__DESCRIPTION OF THE TASK__. Transcribe the records below word for word, beginning with the first line and stopping after the line that contains "能登半島の石川県羽咋郡宝達志"; pictures are not part of the copy.

[Data extracted from a collection]
···
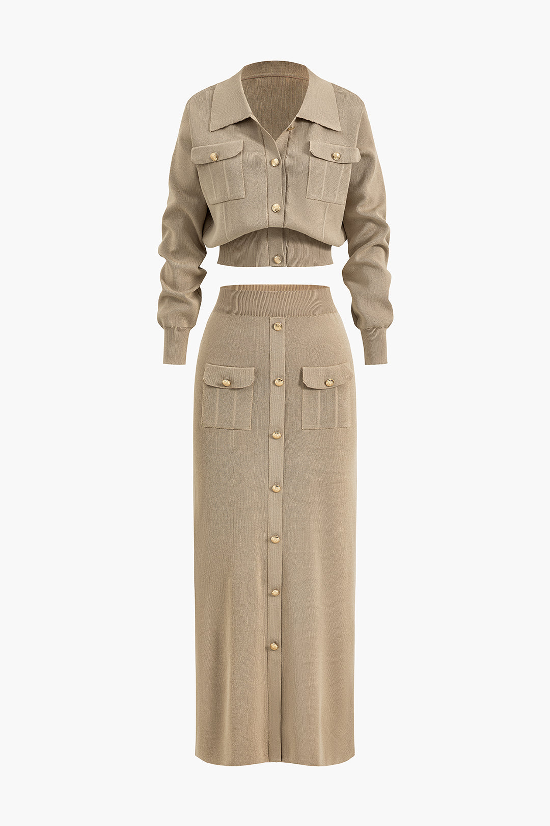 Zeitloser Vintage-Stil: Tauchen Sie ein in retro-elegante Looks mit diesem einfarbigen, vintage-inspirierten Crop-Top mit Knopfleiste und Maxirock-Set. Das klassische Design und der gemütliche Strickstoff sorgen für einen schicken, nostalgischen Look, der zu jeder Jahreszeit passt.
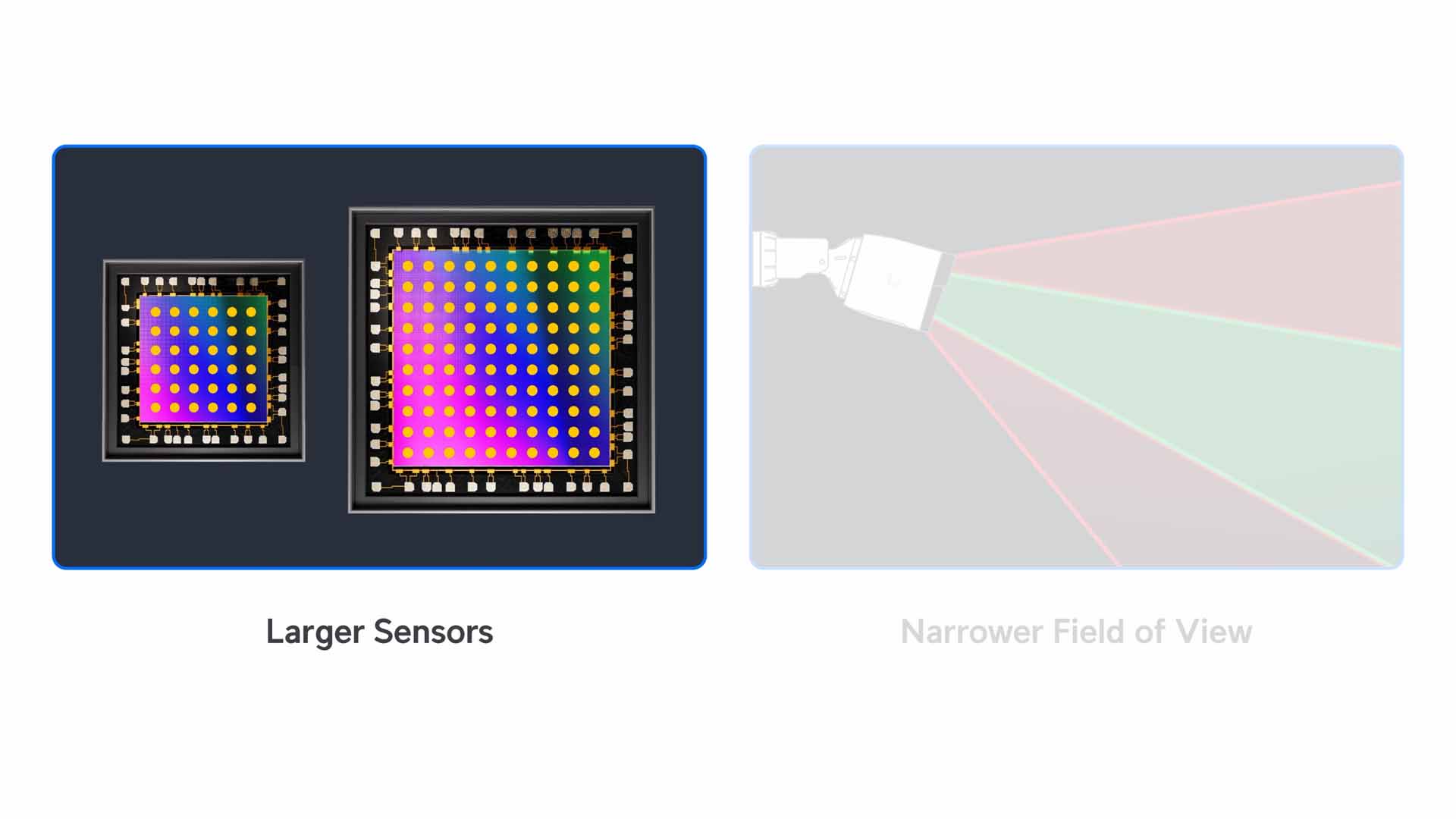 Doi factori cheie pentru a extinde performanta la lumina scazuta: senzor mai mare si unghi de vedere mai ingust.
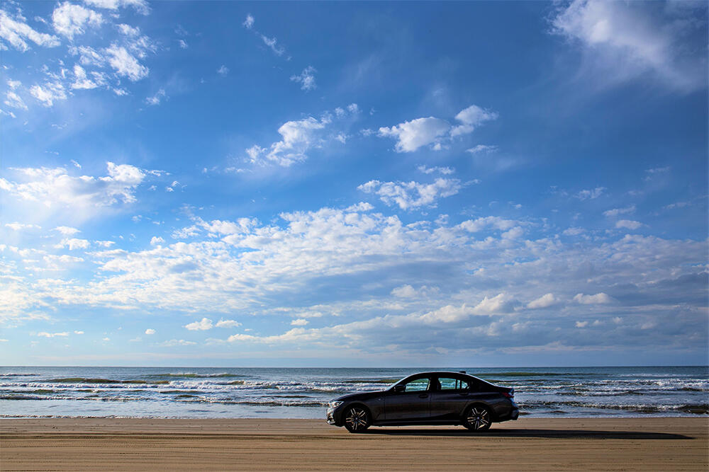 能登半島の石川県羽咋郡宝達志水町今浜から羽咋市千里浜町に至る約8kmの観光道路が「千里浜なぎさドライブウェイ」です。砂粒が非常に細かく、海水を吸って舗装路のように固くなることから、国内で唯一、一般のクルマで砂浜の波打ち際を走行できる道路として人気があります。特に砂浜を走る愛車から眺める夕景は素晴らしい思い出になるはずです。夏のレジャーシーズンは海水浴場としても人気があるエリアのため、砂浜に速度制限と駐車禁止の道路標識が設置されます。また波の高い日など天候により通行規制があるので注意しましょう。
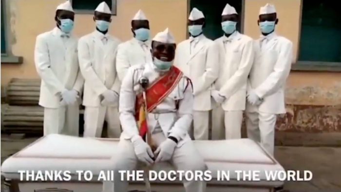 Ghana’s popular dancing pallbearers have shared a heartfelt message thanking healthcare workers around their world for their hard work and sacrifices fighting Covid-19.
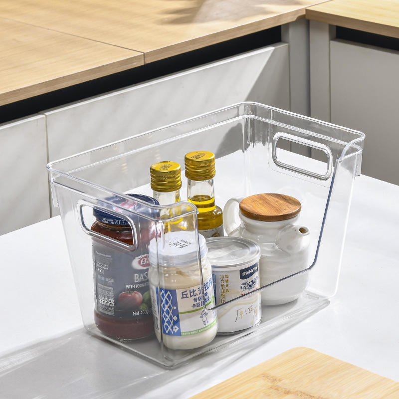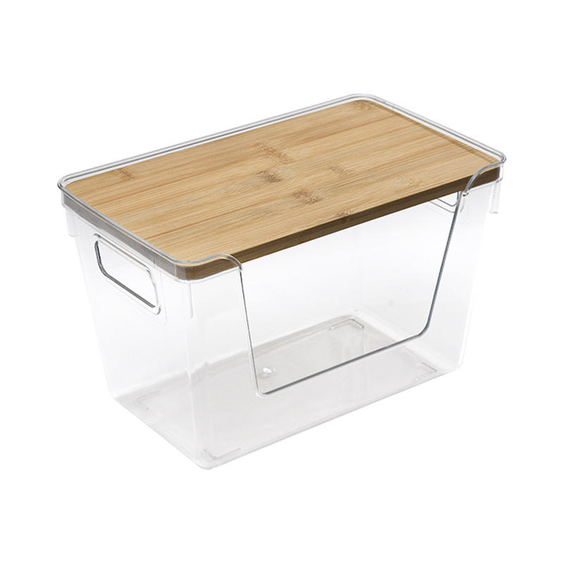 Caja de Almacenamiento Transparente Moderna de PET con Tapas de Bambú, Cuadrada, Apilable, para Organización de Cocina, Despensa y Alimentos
···
__ANSWER FOR THE TASK__.
 Zeitloser Vintage-Stil: Tauchen Sie ein in retro-elegante Looks mit diesem einfarbigen, vintage-inspirierten Crop-Top mit Knopfleiste und Maxirock-Set. Das klassische Design und der gemütliche Strickstoff sorgen für einen schicken, nostalgischen Look, der zu jeder Jahreszeit passt.
 Doi factori cheie pentru a extinde performanta la lumina scazuta: senzor mai mare si unghi de vedere mai ingust.
 能登半島の石川県羽咋郡宝達志水町今浜から羽咋市千里浜町に至る約8kmの観光道路が「千里浜なぎさドライブウェイ」です。砂粒が非常に細かく、海水を吸って舗装路のように固くなることから、国内で唯一、一般のクルマで砂浜の波打ち際を走行できる道路として人気があります。特に砂浜を走る愛車から眺める夕景は素晴らしい思い出になるはずです。夏のレジャーシーズンは海水浴場としても人気があるエリアのため、砂浜に速度制限と駐車禁止の道路標識が設置されます。また波の高い日など天候により通行規制があるので注意しましょう。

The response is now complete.